Africa’s Leverage Lies in Strategic Indispensability, Not Replication
Africa’s strategic advantage in the AI economy does not lie in replicating hyperscale cloud infrastructure or in rebuilding the full technology stack. It lies in chokepoints that global systems already depend on: critical minerals essential to chips and batteries, rapidly expanding populations generating non-synthetic data, pockets of surplus energy suitable for compute, and control over key submarine cable routes linking Europe, Africa, and the Middle East.
The constraint is market structure, not geology. For many technology-critical minerals, prices are not set on deep, transparent exchanges like those for oil or copper. They are set through bilateral contracts tied to assessments produced outside the continent, often tied to processing hubs in China or trading centers in London. African producers, therefore, sell into markets where price discovery, contract standards, and market intelligence are largely external. The result is information asymmetry, not scarcity.
This is why mineral leverage so often appears as blunt export restrictions rather than durable influence. Supply disruptions can move markets temporarily, but without shared pricing infrastructure, they do little to shift bargaining power over processing, downstream integration, or long-term investment. Control over extraction does not translate into control over value.
History offers a more practical model. In the late nineteenth century, U.S. agricultural producers faced similar coordination problems. The solution was not OPEC-style cartelization but market infrastructure—commodity exchanges that standardized contracts and pricing, reducing information asymmetry without requiring centralized control.
Africa lacks an equivalent mechanism for critical minerals. No African exchange plays a meaningful role in global price discovery for cobalt, lithium, or rare earths. A regional minerals exchange, anchored in a politically stable, mineral-producing economy, would not eliminate dependence on global buyers. But it would anchor pricing closer to production, improve transparency, support preferential intra-African trade, and give producers clearer leverage across the mineral-to-chip supply chain—without the fragility of OPEC-style cartels.
Energy and Compute: The Hidden Constraint
If minerals are Africa’s upstream leverage, energy is its binding constraint. This explains why the continent hosts just 223 data center facilities across 38 countries—a tiny fraction of global capacity. Where electricity is unreliable, compute becomes expensive, carbon-intensive, or both.
Digital Futures Symposium participants get a firsthand look at energy infrastructure at the Center for High Performance Computing in Cape Town, South Africa.

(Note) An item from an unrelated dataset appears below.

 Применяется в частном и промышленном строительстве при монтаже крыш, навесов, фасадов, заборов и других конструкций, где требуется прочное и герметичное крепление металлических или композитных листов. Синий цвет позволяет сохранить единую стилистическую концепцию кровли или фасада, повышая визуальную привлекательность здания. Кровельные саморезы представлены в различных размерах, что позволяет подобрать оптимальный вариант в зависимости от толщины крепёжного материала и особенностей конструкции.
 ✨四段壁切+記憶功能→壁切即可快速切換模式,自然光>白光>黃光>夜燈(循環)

Source: Planetary Politics team.
Nigeria’s electrical grid has never exceeded roughly six gigawatts of generation capacity for a population of more than 200 million. South Africa, by contrast, operates a system closer to 48 gigawatts for fewer than 65 million people. Nigeria’s 17 data centers collectively require 137 megawatts but must run largely on diesel generators, driving up costs and emissions. The power grid provides just four hours of electricity per day on average, forcing operators into expensive backup systems. In regions facing drought, water scarcity compounds the challenge of cooling systems efficiently.

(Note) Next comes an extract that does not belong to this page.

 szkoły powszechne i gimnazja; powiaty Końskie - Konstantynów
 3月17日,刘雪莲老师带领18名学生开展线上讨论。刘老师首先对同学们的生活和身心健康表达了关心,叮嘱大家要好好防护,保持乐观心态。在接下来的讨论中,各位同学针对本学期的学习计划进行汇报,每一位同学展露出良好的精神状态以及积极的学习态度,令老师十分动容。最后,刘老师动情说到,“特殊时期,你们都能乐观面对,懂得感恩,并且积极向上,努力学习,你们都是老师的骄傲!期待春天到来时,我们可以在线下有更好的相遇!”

These disparities explain Africa’s small data center footprin. Investment may triple to $3 billion by 2030, but growth magnifies rather than solves the energy constraint. Power is not an adjacent issue to digital autonomy—it is the limiting factor.

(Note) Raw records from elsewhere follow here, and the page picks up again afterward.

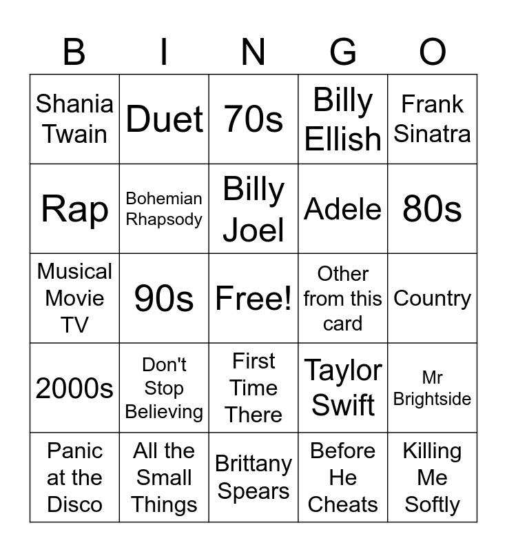 This bingo card has a free space and 24 words: Don't Stop Believing, All the Small Things, Billy Joel, Panic at the Disco, Frank Sinatra, Shania Twain, Rap, Duet, Other from this card, First Time There, Adele, Musical Movie TV, Taylor Swift, Mr Brightside, Bohemian Rhapsody, Before He Cheats, Country, 70s, 80s, 90s, Killing Me Softly, 2000s, Billy Ellish and Brittany Spears.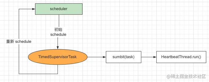 在客户端启动的时候,会创建一个保持心跳的定时任务,定时去和服务器发送心跳;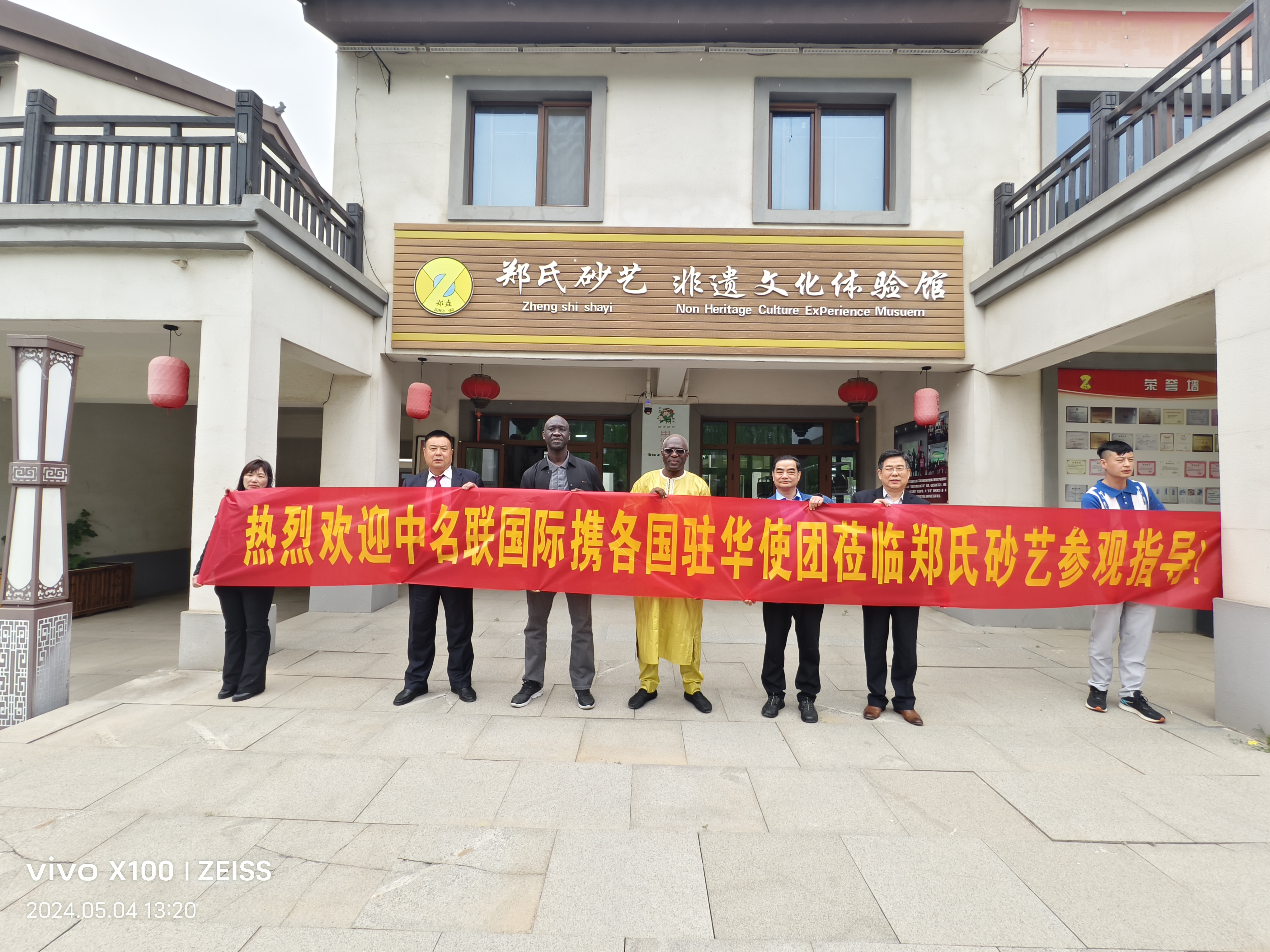 又是一年春暖花開時,值此“五一”勞動節(jié)之際,應(yīng)興隆縣鄭氏砂藝文化有限公司(以下簡稱鄭氏砂藝)邀請,由中名聯(lián)國際引薦,5月5日上午,科特迪瓦共和國駐華大使館國防武官阿達(dá)馬·科內(nèi)(空軍準(zhǔn)將)、塞內(nèi)加爾共和國駐中國大使館副官阿壩·瓦德上校蒞臨鄭氏砂藝進(jìn)行參觀考察。訪問人員在中名聯(lián)集團(tuán)董事長戴本領(lǐng)和趙蘋女士、邯鄲市華冶工貿(mào)有限公司黨委書記、董事長張書明、鄭氏砂藝董事長鄭鐵軍等人員的陪同下參觀了后苗圃“鄭氏砂藝”非遺展館和青松嶺水鎮(zhèn)“鄭氏砂藝”非遺博物館。此次參觀活動不僅讓外國友人領(lǐng)略了“鄭氏砂藝”的深厚文化底蘊(yùn),也促進(jìn)了中外文化的民間交流與融合。

Some initiatives point toward alternative paths. Distributed compute programs, such as UNDP’s timbuktoo initiative, deploy smaller-scale AI infrastructure aligned with renewable energy, serving startups and universities without reliance on hyperscale cloud providers. These models do not rival global platforms, but they demonstrate that useful AI development does not require replicating Silicon Valley’s scale.
Governance Without Illusions
National AI strategies have proliferated across Africa. Regional institutions launched digital trade protocols, payment systems, and broadband initiatives. Enforcement is the problem.
The African Union lacks supranational authority; member states routinely ignore resolutions. The Africa AI Council, unveiled in late 2025, includes 15 members from government, private sector, civil society, and academia. When tech firms help set operating rules, implementation becomes negotiation.
More promising are mechanisms tied to finance and trade. The African Development Bank influences markets through lending conditions requiring local content, environmental safeguards, or skills transfer. AfCFTA’s Digital Trade Protocol, adopted in February 2024 and finalized in eight annexes in February 2025, could prevent regulatory arbitrage by harmonizing data protection and digital taxation—if enforced. The Smart Africa Alliance connects 40 countries and maintains a secretariat that tracks implementation. These institutions lack EU-style binding authority but possess leverage: capital access, market entry, and reputation. Africa lacks mechanisms that make noncompliance costly, but changing that fact with coordinated action is well within reach.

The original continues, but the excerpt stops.